Sia il nostro popolo che tutti gli altri popoli raggiungeranno senza dubbio quello stato di perfezione detto Gmar Tikun, perché così è stato programmato dal Creatore. Che lo vogliamo o meno, ogni minuto che passa ci spinge in avanti lungo questa strada, avvicinandoci alla meta della creazione. Però, a differenza delle altre creature, gli esseri umani sono stati dotati della possibilità di accelerare la loro andatura e di cambiare anche oggi stesso strada, passando da un cammino pieno di sofferenze a uno pieno di gioia. Passare dalla "Via della Sofferenza" alla "Via della Torah" è possibile solo grazie all'aiuto della Cabalà.

Ed è perché il nostro popolo - nonostante tutte le insopportabili sofferenza già sopportate - non vuole ancora indirizzarsi sulla "Via della Torah" che il Creatore ci costringe ad accettare la Sua via attraverso tante sofferenze. Inviandoci l'Olocausto Egli ci ha fatti restituito questa terra, ce l'ha messa in mano. Tuttavia questa terra, questo suo regalo, non l'abbiamo ancora accettato. Non siamo ancora all'altezza della realtà della "Terra di Israele". E di più, la maggior parte di quelli che sono giunti qui stanno di nuovo cercando di andarsene. Non amiamo quello che abbiamo né ciò che abbiamo dentro. Ma ci inchiniamo davanti all'America. E le stesse tasse che paghiamo di buon grado a un altro governo non vogliamo pagarle al nostro.

Ma il fatto fondamentale e imperdonabile è che continuiamo a ignorare il dono del Creatore - la terra di Israele, che ci è stata data da Lui ma che non siamo disposti ad accettare.

Tutto ciò deriva dal fatto che non vogliamo capire che solo qui possiamo vivere e vincere, perché siamo sulla nostra terra. Non c'è esercito che possa salvare un paese - come cadono gli eserciti lo abbiamo già visto. Il popolo di Israele può esistere solamente nella terra di Israele, grazie alla sua radice spirituale. Dobbiamo comprendere che, nonostante tutto, non ci è permesso cedere neanche la più piccola parte di questa terra ad altre nazioni.

Ma questo non ha niente a che vedere con la situazione politica odierna - bisogna invece tenerlo presente perché altrimenti il Creatore non ci perdonerebbe, perché la struttura dei mondi spirituali è tale che il rifiuto della "Terra di Israele" portebbe a indicibili sofferenze!
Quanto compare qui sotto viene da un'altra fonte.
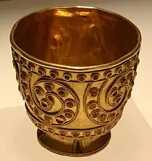 The Trialeti-Vanadzor culture was known for its particular form of burial. The elite were interred in large, very rich burials under earth and stone mounds, which sometimes contained four-wheeled carts. Also there were many gold objects found in the graves.[13] These gold objects were similar to those found in Iran and Iraq.[9] They also worked tin and arsenic.[17] This form of burial in a tumulus or "kurgan", along with wheeled vehicles, is the same as that of the Kurgan culture which has been associated with the speakers of Proto-Indo-European. In fact, the black burnished pottery of especially early Trialeti kurgans is similar to Kura-Araxes pottery.[18] In a historical context, their impressive accumulation of wealth in burial kurgans, like that of other associated and nearby cultures with similar burial practices, is particularly noteworthy.[19] This practice was probably a result of influence from the older civilizations to the south in the Fertile Crescent.[20]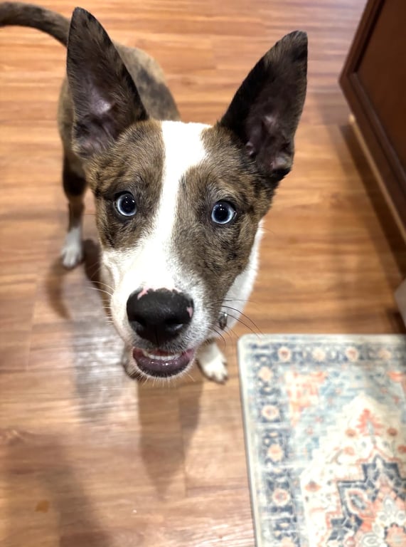 What my foster says: Sheeba has been doing great with her first week here. She's a very sweet girl and everyone who has met her falls instantly in love! Like most puppies - she loves shoes and finding things to nibble. However, she's quickly learned "no" and "off". She didn't seem to know any commands earlier this week but she can now reliably "sit" - so she's a quick learner! She loves being around our resident dog and is usually his little shadow. She is fairly active and VERY playful! Anyone who adopts her will be super lucky to have her!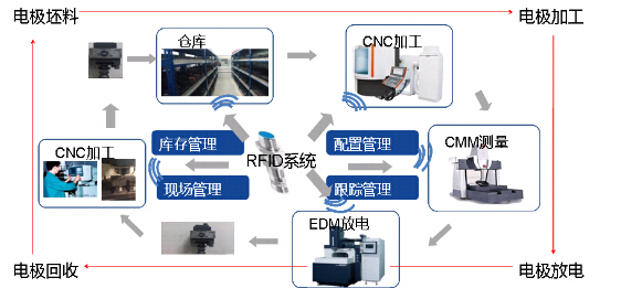 解決方案:對每個電極治具上安裝RFID電子芯片,對電極的設(shè)計延伸到制造、測量和使用的全過程中實現(xiàn)數(shù)據(jù)和制造無縫交互,實現(xiàn)全流程的自動化,無人化。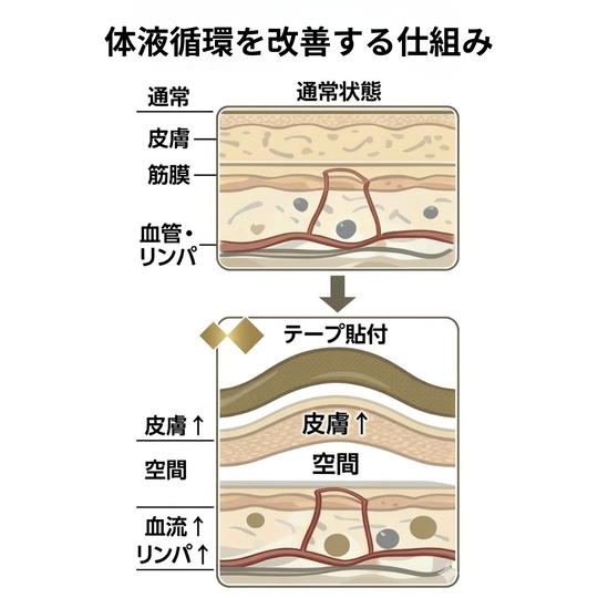 キネシオテーピングのもう一つの重要な作用は、体液循環の改善である。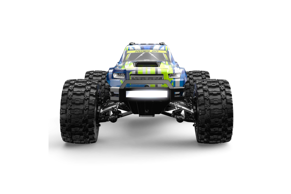 Полный привод повышает проходимость и управляемость модели. На Hyper Go установлен бесколлекторный двигатель тип 2852, а также влагозащищенный приемник и регулятор ESC 45А. Мощный аккумулятор Li-Ion 7.4V 2000 mah, идущий в комплекте, придает модели большую мощность! Пульт управления на частоте 2.4Ghz позволит управлять моделью на расстоянии до 120 метров. LED подсветка переднего бампера сделаем игру в темное время суток незабываемой. В комплекте вилли-бар для защиты машины от опрокидывания при резком старте.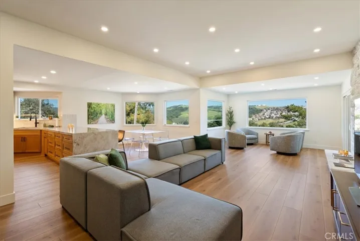 This beautifully remodeled 3-bedroom, 2-bath residence features large picture windows in the living room that frame beautiful green hill views, bringing natural light and scenery directly into the home.

Se lo facessimo abbandoneremmo la protezione spirituale della radice ruperiore della Terra di Israele, che è la sorgente di ogni nostra difesa.

Cosa dobbiamo fare allora in questo particolare frangente? La Torah ci restituisce una risposta inequivocabile: dobbiamo annunciare al mondo intero "QUESTO È NOSTRO!" E dal momento che tutti gli altri popoli stanno inconsciamente aspettando questo momento, nell'istante stesso in cui lo faremo con determinazione, essi lo accetteranno come un dato di fatto - ma esclusivamente se la decisione deriverà dalla nostra forza interiore.

Questo è simile a quanto accaduto in passato, quando abbiamo vinto grazie alla convinzione di non avere altra scelta. Al contrario quando abbiamo iniziato a fare delle concessioni siamo solo stati indotti a farne sempre di più, e questo ha avuto come unica conseguenza solo nuove sofferenze. Soltanto con la "FEDE OLTRE LA CONOSCENZA", che consiste nella fede nei confronti del Creatore e della Sua costante supervisione, possiamo salvarci, a dispetto di tutte le promesse e di tutti i calcoli politici. Solo accettando il fatto che la terra di Israele appartiene solamente a noi saremo capaci di scacciare i nemici - basta solamente prenderne coscienza. Di più, loro stessi ci lasceranno immediatamente in pace non appena avremo risolto il problema al nostro interno.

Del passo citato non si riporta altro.